**EXERCISE DESCRIPTION**
Set down exactly, from the records below, the line with "Id rather regret" through the line with "鶏飯 いかのチリソース 大豆の中華炒め 牛乳", and nothing else.

**RECORDS SUPPLIED**
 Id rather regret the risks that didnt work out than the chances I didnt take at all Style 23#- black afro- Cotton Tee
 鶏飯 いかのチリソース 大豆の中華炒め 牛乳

--

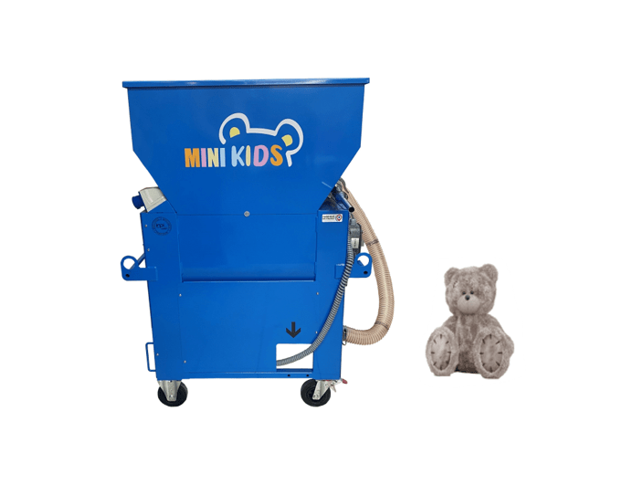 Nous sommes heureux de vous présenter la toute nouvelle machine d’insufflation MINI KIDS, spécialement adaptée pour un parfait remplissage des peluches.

**ANSWER FOR THIS EXERCISE**
 Id rather regret the risks that didnt work out than the chances I didnt take at all Style 23#- black afro- Cotton Tee
 鶏飯 いかのチリソース 大豆の中華炒め 牛乳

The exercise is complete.